DIRECTIONS: Output word for word the lines from the one with "Street Life شورتات جينز فضفاضة مخططة للرجال" to the final line of the data, both ends included, but skip the pictures.

COLLECTED DATA:
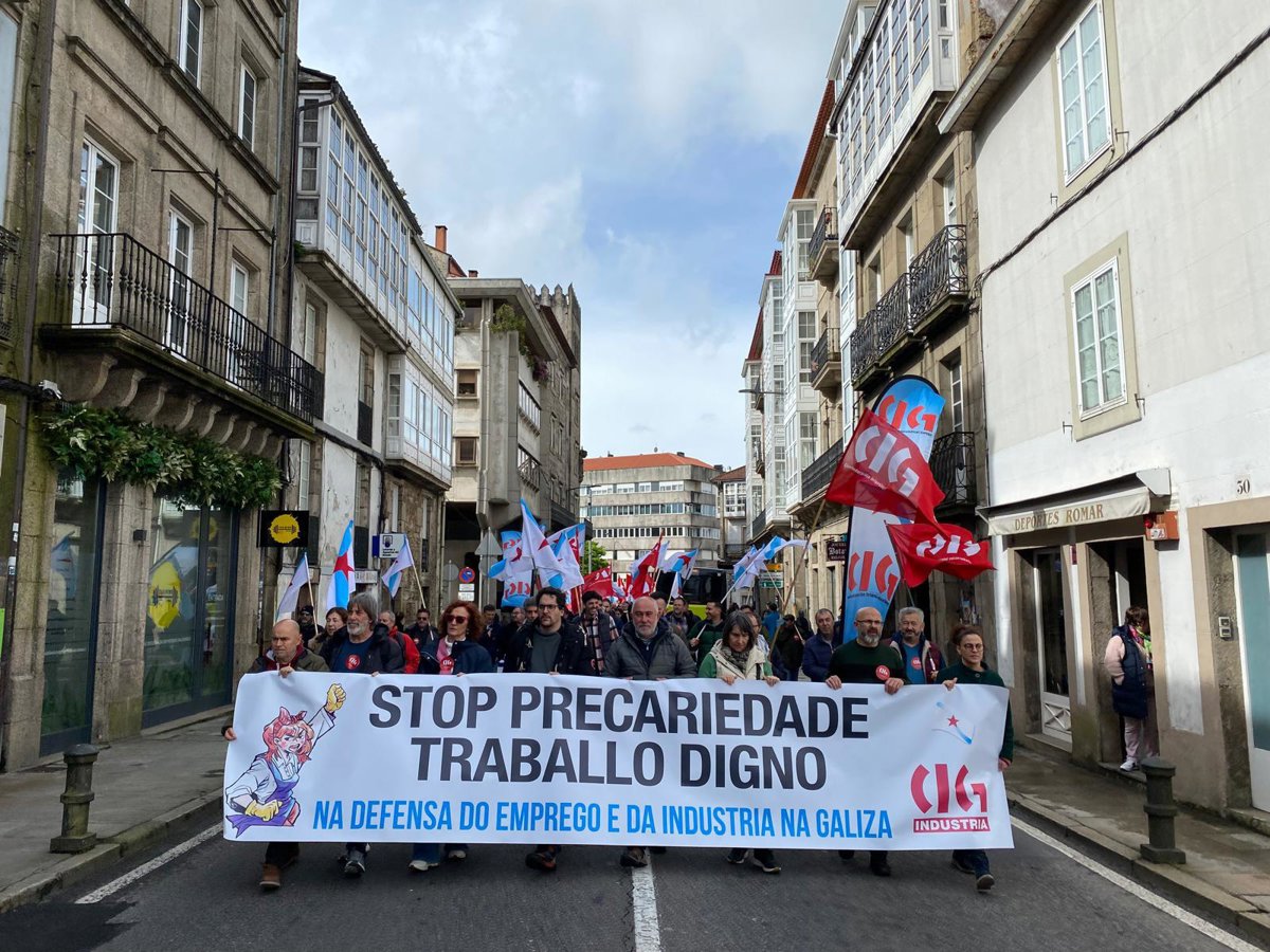 Durante el recorrido, que ha estado encabezado por una pancarta bajo el lema 'Stop precariedad, trabajo digno. En la defensa del empleo y de la industria en Galicia', los manifestantes han entonado cánticos como "sin industria no hay futuro" y "la lucha es el único camino".
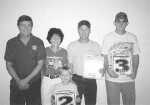 Submitted Photo Mike Forkner (second from right), Andy Collins (right) and Austin Forkner (front) stand with sponsors Clyde and Terri Sheperd of Shep's Dealership in Oklahoma (left) after being rewarded for their finishes in the Oklahoma State Motorcross Championship. The Forkners are from Richards and Collins is from Moundsville. Mike Forkner finished seventh in his class this season despite missing two races, Austin Forkner finished second in his class and Collins finished third in his class... -
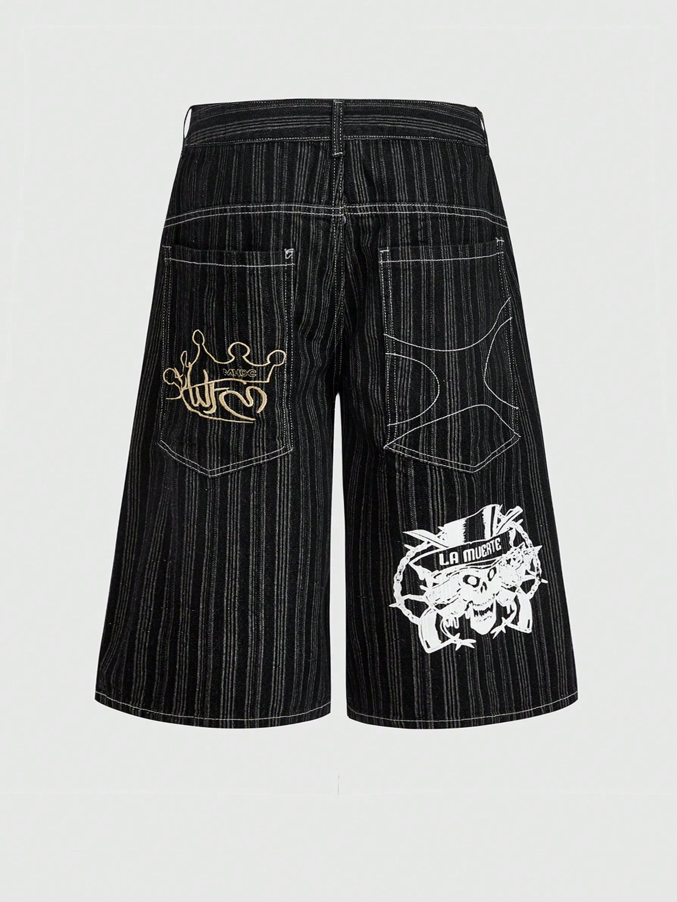 Street Life شورتات جينز فضفاضة مخططة للرجال
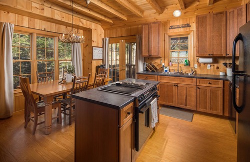 From the moment you step out of your vehicle, the awe-inspiring view is sure to take your breath. From the front porch you’ll find comfy outdoor furniture to relax in and enjoy a morning cup of coffee or evening glass of wine as you enjoy the view. Inside this nicely furnished log home the main level features a welcoming living area with a gas stone fireplace and comfy leather furniture. There’s a large flat-screen TV for watching sports or movies and WIFI is available for those that need to stay in touch with work or just catch up on emails.

ANSWER SPACE:
 Street Life شورتات جينز فضفاضة مخططة للرجال
 From the moment you step out of your vehicle, the awe-inspiring view is sure to take your breath. From the front porch you’ll find comfy outdoor furniture to relax in and enjoy a morning cup of coffee or evening glass of wine as you enjoy the view. Inside this nicely furnished log home the main level features a welcoming living area with a gas stone fireplace and comfy leather furniture. There’s a large flat-screen TV for watching sports or movies and WIFI is available for those that need to stay in touch with work or just catch up on emails.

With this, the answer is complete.